• _EXERCISE GOAL_
Copy out the lines of the records below, and only those lines, from the one with "Mariage de Joseph" through the one with "Весьма популярный в", exactly as they appear.

• _DATA EXTRACT_

⁂

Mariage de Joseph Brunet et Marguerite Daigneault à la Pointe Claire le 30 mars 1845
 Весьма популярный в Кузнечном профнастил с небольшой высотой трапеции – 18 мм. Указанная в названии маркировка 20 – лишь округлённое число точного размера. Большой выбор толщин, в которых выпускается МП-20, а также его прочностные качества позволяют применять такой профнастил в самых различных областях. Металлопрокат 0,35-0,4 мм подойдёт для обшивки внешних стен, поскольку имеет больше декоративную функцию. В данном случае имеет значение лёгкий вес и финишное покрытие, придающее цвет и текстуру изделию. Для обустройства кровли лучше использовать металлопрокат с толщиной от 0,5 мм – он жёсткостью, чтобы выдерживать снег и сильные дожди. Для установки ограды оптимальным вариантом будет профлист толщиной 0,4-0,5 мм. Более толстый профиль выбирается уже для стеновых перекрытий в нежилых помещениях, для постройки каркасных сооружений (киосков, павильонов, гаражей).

⁂

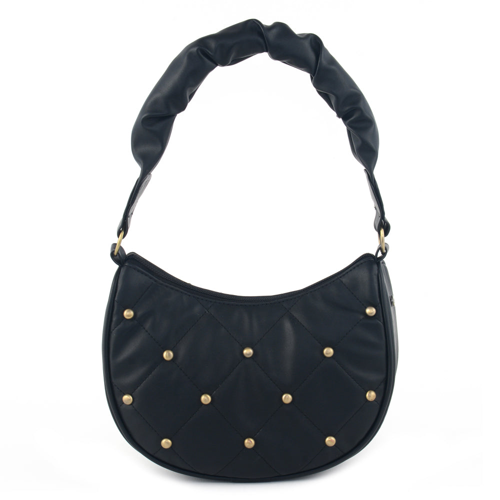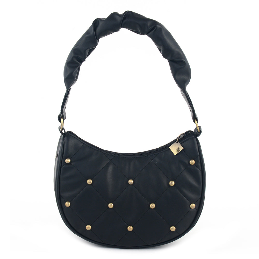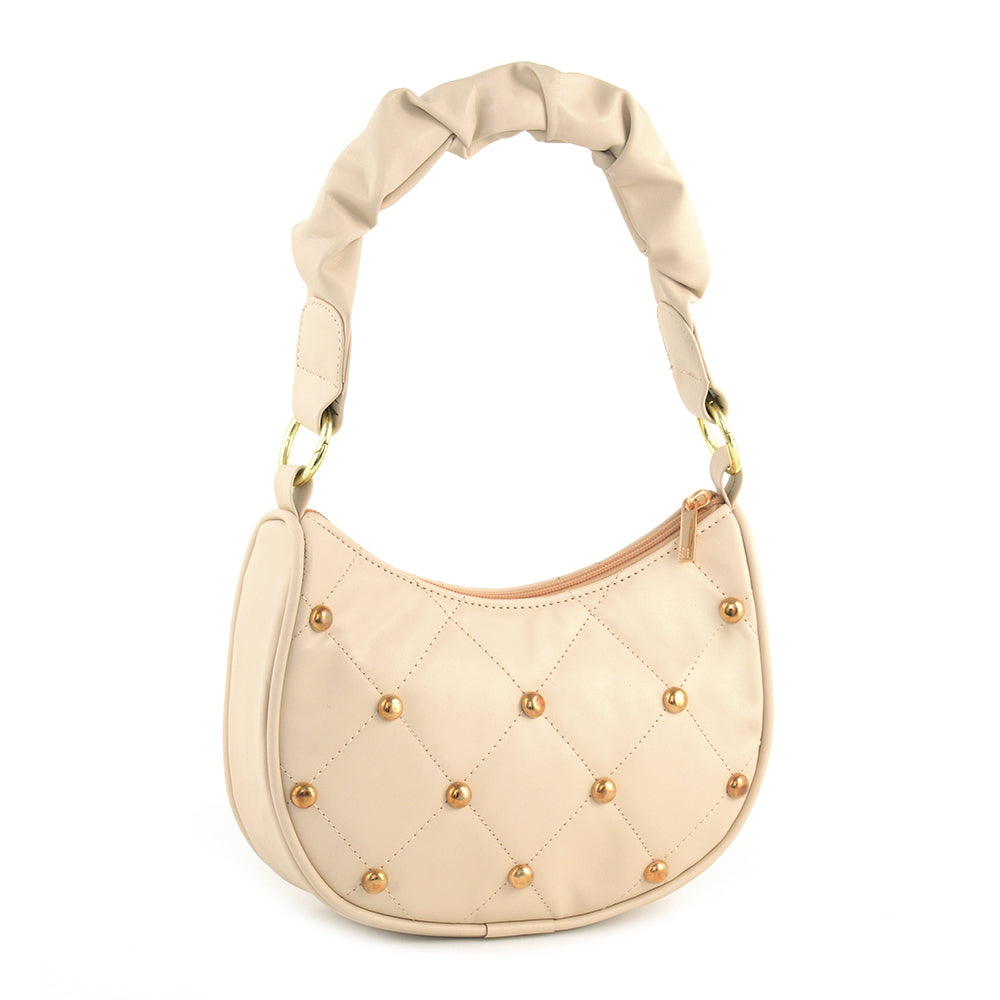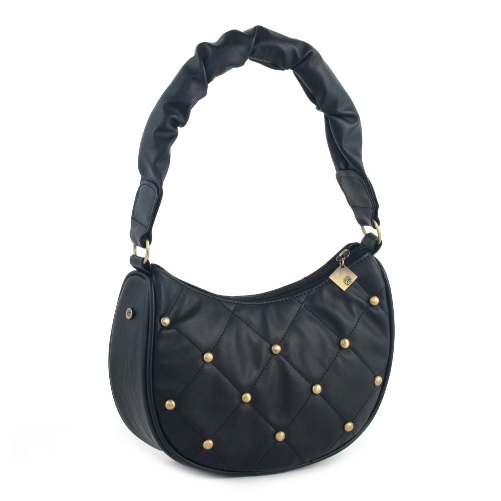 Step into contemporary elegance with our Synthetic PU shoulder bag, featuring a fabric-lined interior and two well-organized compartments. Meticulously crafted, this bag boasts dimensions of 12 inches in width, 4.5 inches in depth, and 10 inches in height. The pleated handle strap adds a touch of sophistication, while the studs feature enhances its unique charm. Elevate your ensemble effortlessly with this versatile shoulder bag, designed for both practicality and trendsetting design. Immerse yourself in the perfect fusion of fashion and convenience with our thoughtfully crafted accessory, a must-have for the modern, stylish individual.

⁂

• _WRITTEN REPLY_
Mariage de Joseph Brunet et Marguerite Daigneault à la Pointe Claire le 30 mars 1845
 Весьма популярный в Кузнечном профнастил с небольшой высотой трапеции – 18 мм. Указанная в названии маркировка 20 – лишь округлённое число точного размера. Большой выбор толщин, в которых выпускается МП-20, а также его прочностные качества позволяют применять такой профнастил в самых различных областях. Металлопрокат 0,35-0,4 мм подойдёт для обшивки внешних стен, поскольку имеет больше декоративную функцию. В данном случае имеет значение лёгкий вес и финишное покрытие, придающее цвет и текстуру изделию. Для обустройства кровли лучше использовать металлопрокат с толщиной от 0,5 мм – он жёсткостью, чтобы выдерживать снег и сильные дожди. Для установки ограды оптимальным вариантом будет профлист толщиной 0,4-0,5 мм. Более толстый профиль выбирается уже для стеновых перекрытий в нежилых помещениях, для постройки каркасных сооружений (киосков, павильонов, гаражей).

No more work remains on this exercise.